- Work to be completed: Return each entry word for word, without its pictures.

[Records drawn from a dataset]
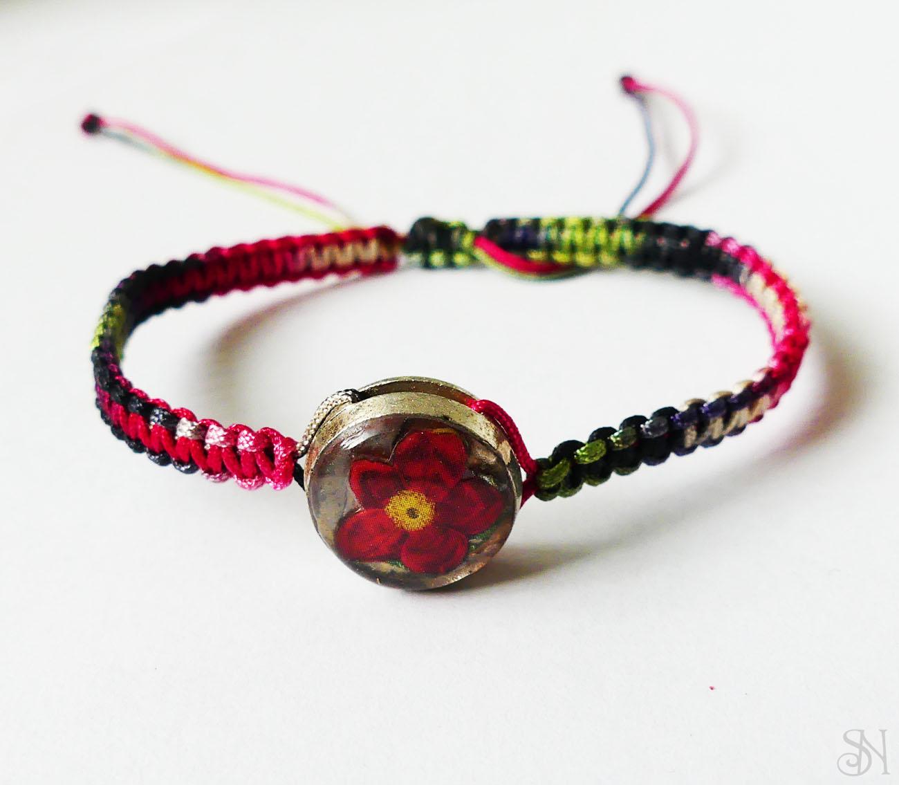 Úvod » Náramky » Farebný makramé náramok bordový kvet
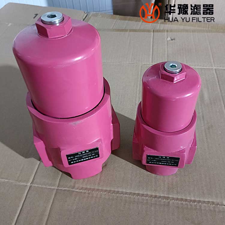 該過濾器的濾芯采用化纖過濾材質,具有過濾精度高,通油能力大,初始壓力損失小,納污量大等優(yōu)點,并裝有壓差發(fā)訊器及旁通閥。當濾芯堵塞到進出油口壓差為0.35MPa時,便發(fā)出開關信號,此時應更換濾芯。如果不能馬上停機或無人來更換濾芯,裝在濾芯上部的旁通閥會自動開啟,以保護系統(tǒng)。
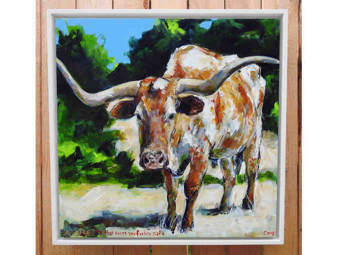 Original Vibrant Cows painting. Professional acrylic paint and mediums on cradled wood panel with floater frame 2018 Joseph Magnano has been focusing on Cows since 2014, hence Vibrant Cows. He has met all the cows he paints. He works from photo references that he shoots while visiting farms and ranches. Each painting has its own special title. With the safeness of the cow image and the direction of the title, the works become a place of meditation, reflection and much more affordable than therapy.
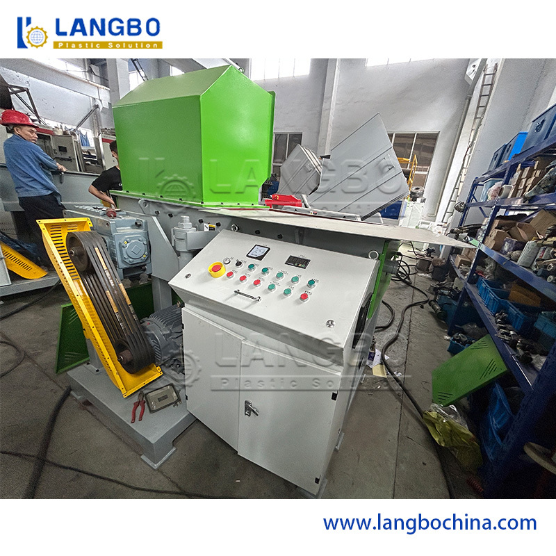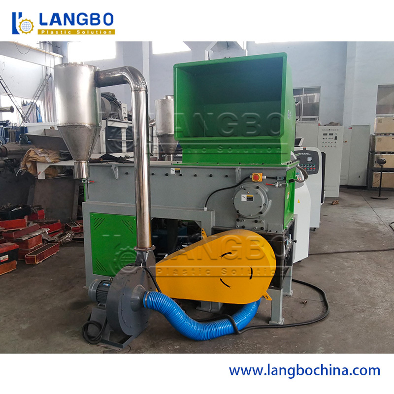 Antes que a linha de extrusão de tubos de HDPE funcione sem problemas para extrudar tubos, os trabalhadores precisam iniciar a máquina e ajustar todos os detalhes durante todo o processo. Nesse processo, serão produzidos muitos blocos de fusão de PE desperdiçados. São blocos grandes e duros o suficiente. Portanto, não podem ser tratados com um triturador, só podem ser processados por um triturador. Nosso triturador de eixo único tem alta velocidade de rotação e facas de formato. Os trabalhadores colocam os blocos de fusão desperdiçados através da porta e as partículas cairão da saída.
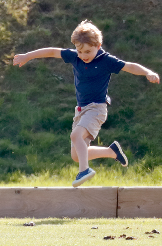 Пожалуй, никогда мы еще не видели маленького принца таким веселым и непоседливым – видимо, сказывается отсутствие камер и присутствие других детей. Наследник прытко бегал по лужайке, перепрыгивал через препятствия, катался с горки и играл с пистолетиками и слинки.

- Response to this exercise:
 Úvod » Náramky » Farebný makramé náramok bordový kvet
 該過濾器的濾芯采用化纖過濾材質,具有過濾精度高,通油能力大,初始壓力損失小,納污量大等優(yōu)點,并裝有壓差發(fā)訊器及旁通閥。當濾芯堵塞到進出油口壓差為0.35MPa時,便發(fā)出開關信號,此時應更換濾芯。如果不能馬上停機或無人來更換濾芯,裝在濾芯上部的旁通閥會自動開啟,以保護系統(tǒng)。
 Original Vibrant Cows painting. Professional acrylic paint and mediums on cradled wood panel with floater frame 2018 Joseph Magnano has been focusing on Cows since 2014, hence Vibrant Cows. He has met all the cows he paints. He works from photo references that he shoots while visiting farms and ranches. Each painting has its own special title. With the safeness of the cow image and the direction of the title, the works become a place of meditation, reflection and much more affordable than therapy.
 Antes que a linha de extrusão de tubos de HDPE funcione sem problemas para extrudar tubos, os trabalhadores precisam iniciar a máquina e ajustar todos os detalhes durante todo o processo. Nesse processo, serão produzidos muitos blocos de fusão de PE desperdiçados. São blocos grandes e duros o suficiente. Portanto, não podem ser tratados com um triturador, só podem ser processados por um triturador. Nosso triturador de eixo único tem alta velocidade de rotação e facas de formato. Os trabalhadores colocam os blocos de fusão desperdiçados através da porta e as partículas cairão da saída.
 Пожалуй, никогда мы еще не видели маленького принца таким веселым и непоседливым – видимо, сказывается отсутствие камер и присутствие других детей. Наследник прытко бегал по лужайке, перепрыгивал через препятствия, катался с горки и играл с пистолетиками и слинки.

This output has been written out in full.